Large retailers have started a new trend: opening sortation centers to cut costs and simultaneously reduce delivery times. The impact of such a move comes as no surprise. For example, data from Target shows that the first 10 of its new sortation facilities have boosted next-day deliveries by more than 150%.
But like many other logistics innovations, big and bulky goods have largely been left on the sidelines of the ultrafast delivery trend. These goods have historically been considered too awkward, too labor-intensive and generally unsuited to the logistics of rapid delivery networks. Recent research conducted by Roadie and Supply Chain Dive’s studioID found that 36.7% of retailers, e-tailers and other businesses restrict the delivery of big and bulky items for many of these reasons.
But times are changing. The just-in-time (JIT) principles popularly used to expedite processing times in sortation centers are now, for the first time, being applied to big and bulky goods in specially-designed facilities. The cross-docking approach is then augmented with a crowdsourced delivery channel developed for the same-day delivery of larger goods. This combination allows retailers to replace the patchwork of slow, costly regional carriers many use today with an expanding national network that enables fast, affordable delivery of big and bulky goods.

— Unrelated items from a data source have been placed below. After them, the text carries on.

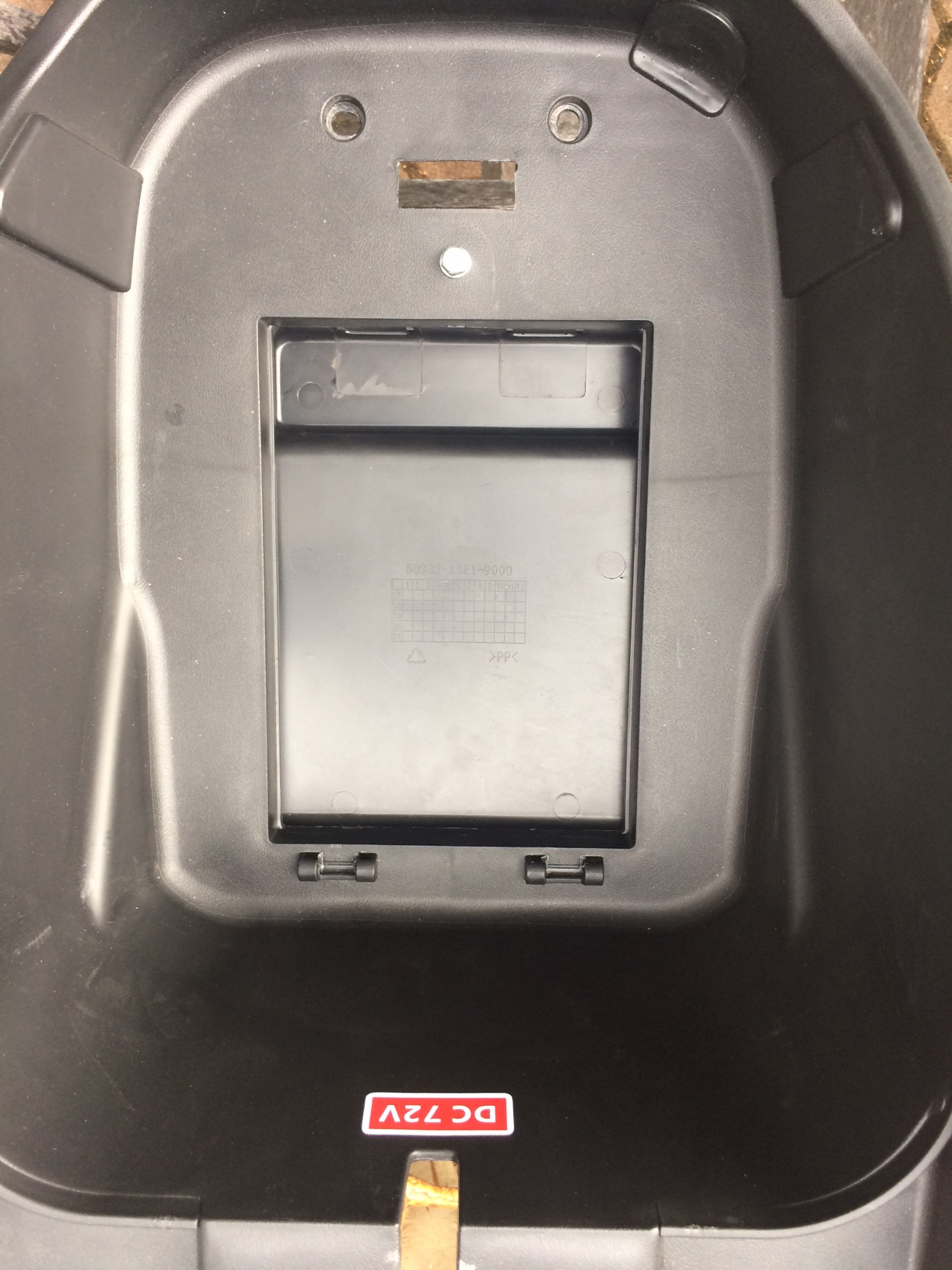 Zum Vergrößern des Helmfachs habe ich jetzt erstmal den inneren Deckel abgenommen, von unten auf die Öffnung gesteckt und mit der einen Schraube wieder fixiert. Ist schon mal besser als nichts.
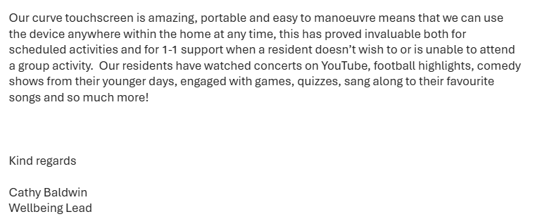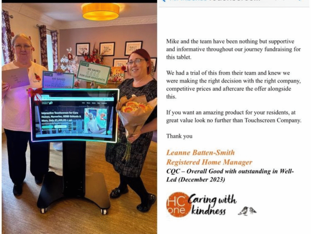 We purchased an interactive touchscreen Oct 2021 at a price of £4740.00 from one of the main resellers of these products based in Shropshire. The interactive touchscreen has been faulty for the 2 months and would not switch on. I contacted the company and was informed that parts to repair are no longer available, I was given different options, including purchasing a new touchscreen from them at a cost of over £6000.00 plus VAT, an engineer visiting at a cost of £1.00 a mile, to see if they could repair, a visit by an engineer at a cost of £180.00 with their new interactive touchscreen to demonstrate and the option of the engineer looking at the current unit while here. On the same day I had spoken with the company by complete chance I received an email from www.Touchscreencompany.com (http://www.touchscreencompany.com/) offering their unique Curved screen product at £2495+vat. I explained the situation and the owner travelled up to see me the next day, he explained that he would not only supply me a Touchscreen Company Curve at a third of the price I was quoted but he would also repair my current unit free of charge. He also agreed to extend the warranty to 5 years because of my previous experience. Care Homes need support with costs at this time and www.touchscreencompany.com (http://www.touchscreencompany.com/) showed that they not only saved me £5000+vat on one purchase they showed they actually cared.
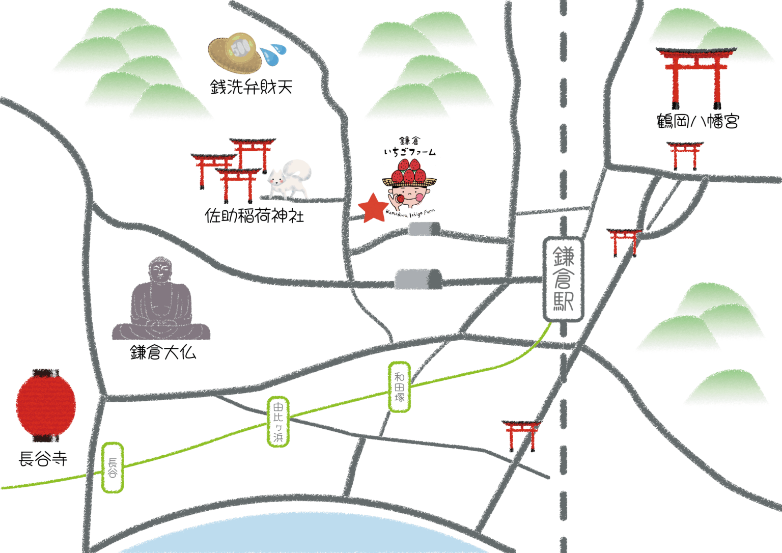当園は、鎌倉駅から車で約13分の好立地にあり、観光といちご狩りを一日で楽しむことができます。周辺には「銭洗弁財天」や「佐助稲荷神社」などのパワースポット、鎌倉ならではの古民家カフェや由比ヶ浜エリアの散策スポットも多数。観光で歩き疲れたら、当園の甘くてジューシーないちごでリフレッシュするのもおすすめです!
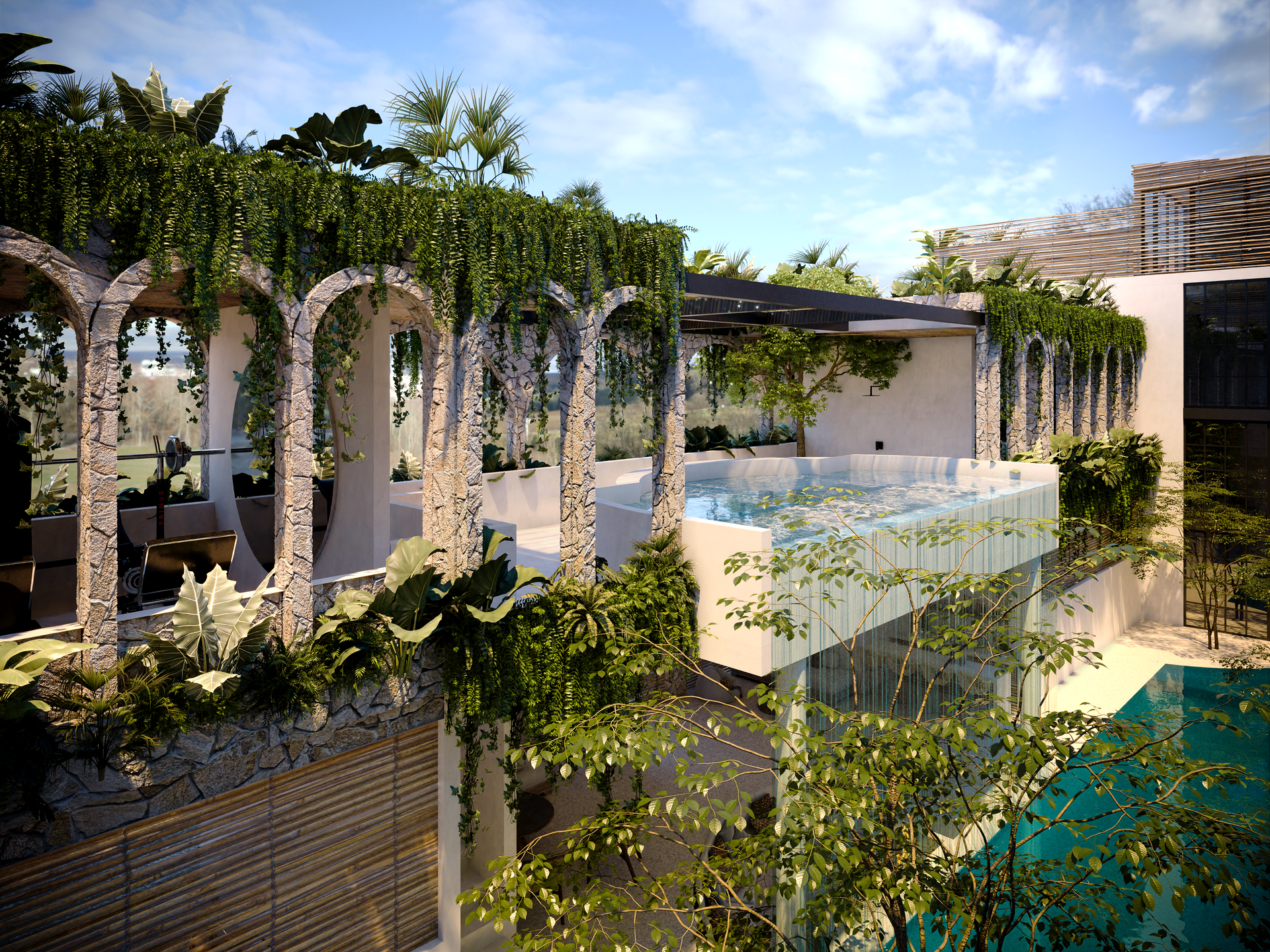 - Spa pool with waterfall
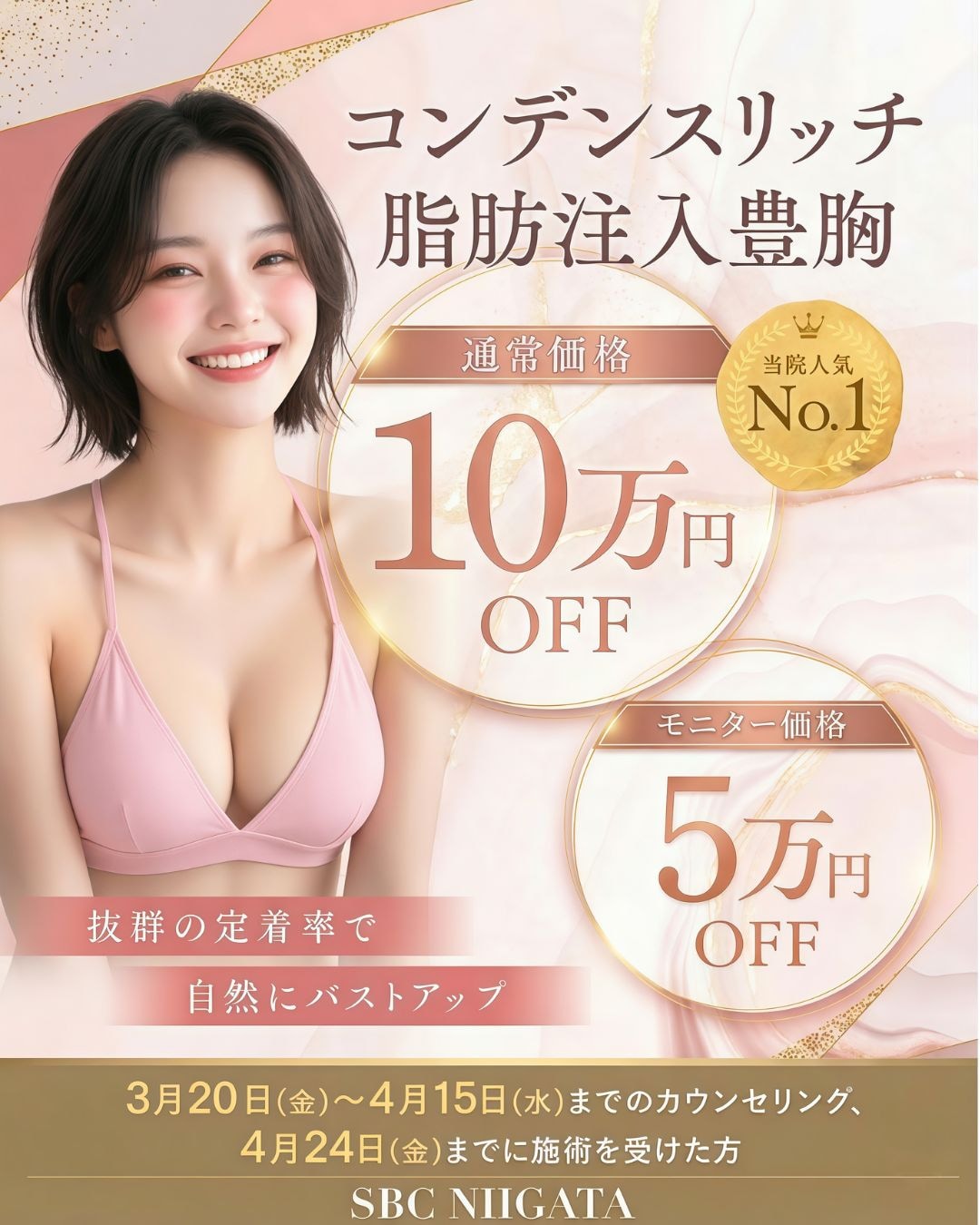クリニック案内 新潟県のクリニック 湘南美容クリニック 新潟院 【10万円オフ】豊胸(コンデンスリッチ脂肪注入)が期間限定でお得に受けられる❣️

Offering a rapid, satisfying delivery experience for oversized items drives loyalty and revenue; Roadie’s survey found that the top anticipated benefits of improving the oversized delivery experience include increasing sales of oversized items (63%) and improving the customer’s oversized delivery experience (57%).
Behind the scenes, this approach enables retailers to access the same cutting-edge sortation strategies that lower costs and increase efficiency for standard-sized goods. The survey found that retailers that have used a third party for oversized goods cross-docking report increases in both productivity (62%) and efficiency (45%). Evidently, the availability of efficient big and bulky delivery across a large geographic footprint opens up new frontiers in product assortments, customer experience and revenue opportunity.
“Oversized items tend to be higher-margin goods,” said Chris Grubb, head of marketing at Roadie, a UPS company, whose new big and bulky delivery network, RoadieXD™, is set to enable retailers to reach more than 200 million US households by the end of 2025.
“Having faster delivery and a better experience is going to allow merchants to capture more online sales so they can create greater customer loyalty, improve cart sizes and increase sales of big and bulky goods,” Grubb added. “Later order cut-off times and more predictable delivery drive top-line revenue. And from a bottom-line perspective – with very few hand-offs and an efficient network – we can lower their overall costs.”
Solving big and bulky delivery
With no national carriers specializing in oversized products until now, offering delivery of these items has meant dedicating space, dock doors and labor to prep them in the warehouse, then tendering these orders to a parcel or less-than-truckload (LTL) carrier that tacks on early cut-offs and surcharges or cobbling together a network of regional couriers. Some skip handling entirely, turning to dropshipping for oversized goods.
In all of these approaches, the typical result is seven- to 10-day delivery times, multiple hand-offs, higher damage rates and a loss of visibility and control of the post-sales process. This scenario often puts would-be buyers off and creates poor delivery experiences for customers who do make a purchase.
A dedicated, nationwide big and bulky delivery network addresses all those pain points. Retailers can offer normal cut-off times for oversized goods, converting buyers during critical shopping times, then pack all big and bulky orders into a single trailer or request pickup from stores. In the morning, the FTL or LTL trailers are picked up, delivered to cross-docks, and then sorted and turned over to a network of independent drivers who are given efficient, optimized stop suggestions to get them to customers’ doorsteps that same day.
The ability to reduce the delivery of even the most awkwardly shaped items from one week to one day has a cascading effect across a retailer’s business. It increases conversion rates, drives loyalty and elevates the customer experience by providing them with everything they crave: faster delivery, real-time tracking and delivery window certainty. This is particularly true for consumers who don't want their oversized goods to be left on the porch; in some cases, the item can even be carried inside.
It also enables retailers to expand their assortments of high-margin, oversized SKUs and reposition their inventory to gain a competitive advantage, reaching a broader area while reducing necessary stocking locations.
Those benefits are driving rapid oversized delivery expansion. “Roadie is great at flexible, fast delivery, as well as big and bulky delivery,” says Grubb. “What we're enabling through RoadieXD™ is a more efficient hub and spoke network to do what Roadie already does very well. We’re expanding beyond store-to-door delivery to offer a much larger footprint — to national distribution. That's what makes this really exciting.”